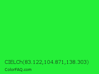 CIELCh 83.122,104.871,138.303 Color is a normal green color and the nearest color is Lime Green #32cd32. Hex code #24ef38 and RGB value is rgb(36,239,56). In RGB color space, this color is composed of 14% red, 94% green, 22% blue, In CMYK color space, this color is composed of 85% cyan, 0% magenta, 77% yellow , 6% black , In HSL color space, this color has a hue angle of 126° , 86% saturation and 54% lightness.
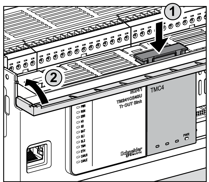 Posizionare il coperchio dello slot della morsettiera nello slot sulla parte superiore del controller e spingerlo a fondo. ![]() |
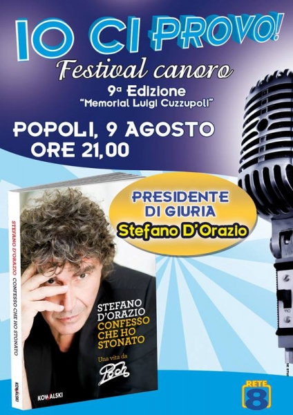 Popoli – Si svolgerà a Popoli Venerdì 9 agosto la 9ª Edizione del Festival Canoro “Io ci provo! Memorial Luigi Cuzzupoli”: presidente di giuria sarà STEFANO D’ORAZIO, ex batterista dei Pooh.
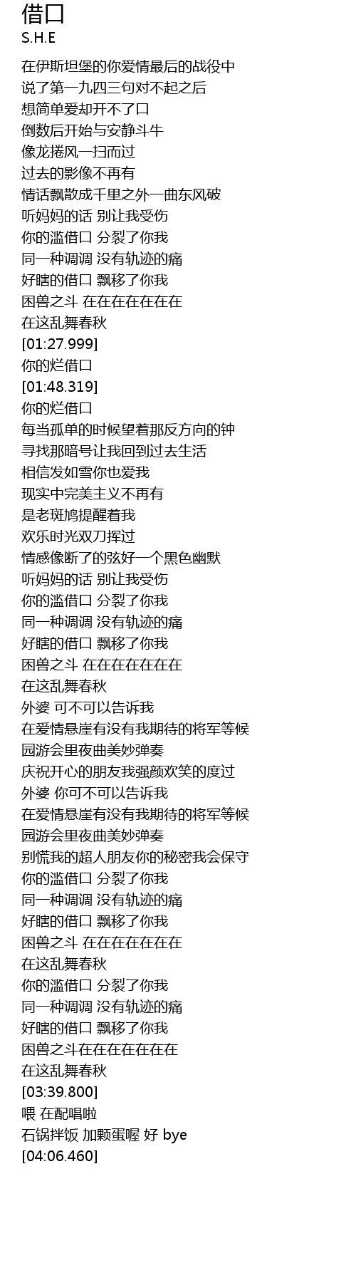 | [04:04.050] | shi guo ban fan jia ke dan o hao bye |
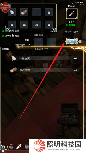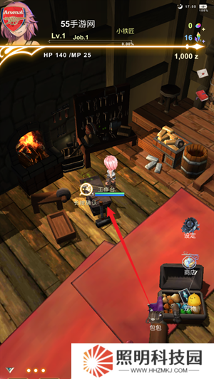 4、然后你會(huì)以小鐵匠的身份來進(jìn)行自己的冒險(xiǎn),在正式出門之前可以使用工作臺(tái)來進(jìn)行鍛造。

_____

### Instructions for the task
The required result is an exact copy of the lines from the line containing "Posizionare il coperchio" through the end of the entries, with every picture left out.

### Exercise solution
 Posizionare il coperchio dello slot della morsettiera nello slot sulla parte superiore del controller e spingerlo a fondo. ![]() |
 Popoli – Si svolgerà a Popoli Venerdì 9 agosto la 9ª Edizione del Festival Canoro “Io ci provo! Memorial Luigi Cuzzupoli”: presidente di giuria sarà STEFANO D’ORAZIO, ex batterista dei Pooh.
 | [04:04.050] | shi guo ban fan jia ke dan o hao bye |
 4、然后你會(huì)以小鐵匠的身份來進(jìn)行自己的冒險(xiǎn),在正式出門之前可以使用工作臺(tái)來進(jìn)行鍛造。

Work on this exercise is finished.